Here's what I have so far:
Radius: 3 + 5sin(30) = 5.5 m V = d/t = 34.56/t Circumference = 2(pi)(5.5)= 34.56 Acceleration = V^2/R = (34.56/t)^2/5.5 That's about as far as I can get without another variable that I know =/ 



#6
Oct211, 11:48 PM

P: 607

without figure I can't help..... difficult to see the situation




#7
Oct211, 11:51 PM

Mentor
P: 11,428





#8
Oct211, 11:52 PM

P: 20

Hope this works, we'll see!




#9
Oct211, 11:52 PM

P: 20

Hmm, gravity pulling them down would be my guess?




#10
Oct311, 12:03 AM

P: 607

that helps....... set up free body diagram for the girl........there is tension in the wire




#11
Oct311, 12:10 AM

P: 20

I assume that because she is staying in place in the y direction, that the y direction is in equilibrium.
So here's what I have: Tcos(30) = m * (9.8) (Another possibility that is coming to mind is: Force(out) + W = T) (Here's the other possibility running through my mind: Force(out) = Tsin(30) for the x direction) 



#12
Oct311, 12:10 AM

HW Helper
P: 2,316

A_{c} = V^{2}/R or 4∏^{2}R/T^{2} Where T is the period. 



#13
Oct311, 12:18 AM

P: 607

which component of tension is acting as a centripetal force ?




#14
Oct311, 12:21 AM

P: 20

The centripetal force should be Tsin(30), I think?




#15
Oct311, 12:28 AM

HW Helper
P: 2,316





#16
Oct311, 12:28 AM

P: 607

yes........ we also know that the centripetal force is
[tex]\frac{mv^2}{r}[/tex] and you already said [tex]T\cos(30)=mg[/tex] so can you manipulate these 



#17
Oct311, 12:34 AM

P: 20

Ok here's what I got:
F(out) = m*a1 = Tsin(30) W = M*a2 = Tcos(30) So if you divide the two you get: (m*a1/m*a2) = Tsin(30)/Tcos(30) which reduces to (a1/a2) = sin(30)/cos(30) or (a1/9.8) = .577 .577(9.8) = a1 = 5.66 m/s^2 So 5.66 = 4(pi)^2R/t^2, 5.66 = 217.13/t^2 t^2 = 217.13/5.66 t = sqrt(217.13/5.66) = 6.19 seconds That's what the answer is supposed to be.
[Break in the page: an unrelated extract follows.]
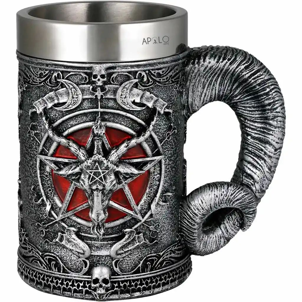 Vaso Taza Mug Gotico Baphomet con Pentagrama Coleccionable. ¡Explora el lado oscuro del arte con este impactante vaso gótico! Conecta con lo oculto y lo ancestral a través de este imponente vaso decorativo. Inspirado en el símbolo de Baphomet y el pentagrama, esta pieza representa el equilibrio entre lo material y lo espiritual. Con un diseño detallado en relieve de la cabeza de cabra Baphomet sobre un pentagrama invertido, esta pieza combina misticismo, simbolismo y carácter. Su acabado metálico envejecido y los cuernos que forman el mango lo hacen una pieza única para decoración o colección. Ideal para quienes valoran los elementos esotéricos en su vida diaria o rituales. Esta no es solo una taza... es una declaración de estilo. ¡Adquiérela y haz de tus rituales o reuniones algo inolvidable! Caracteristicas: - Capacidad aproximada: 400 ml - Material interior: acero inoxidable, fácil de limpiar -Exterior: resina de alta resistencia pintada a mano - Mango ergonómico con forma de cuerno de carnero - Ideal para bebidas frías o calientes El Paquete Incluye: - Vaso Taza Mug Gotico Baphomet con Pentagrama Coleccionable.

Thank you so much guys, I've been working on that problem for HOURS! 



#18
Oct311, 12:37 AM

P: 607

don't forget to put figures when they are provided......without the figures its difficult for people here to understand........always post the problem AS it appears in the text.....
don't psychoanalyse the problem and write what YOU think the problem statement is... you will likely get more help when you present the problem and your attempted work in organised manner..... good luck [tex]\smile[/tex]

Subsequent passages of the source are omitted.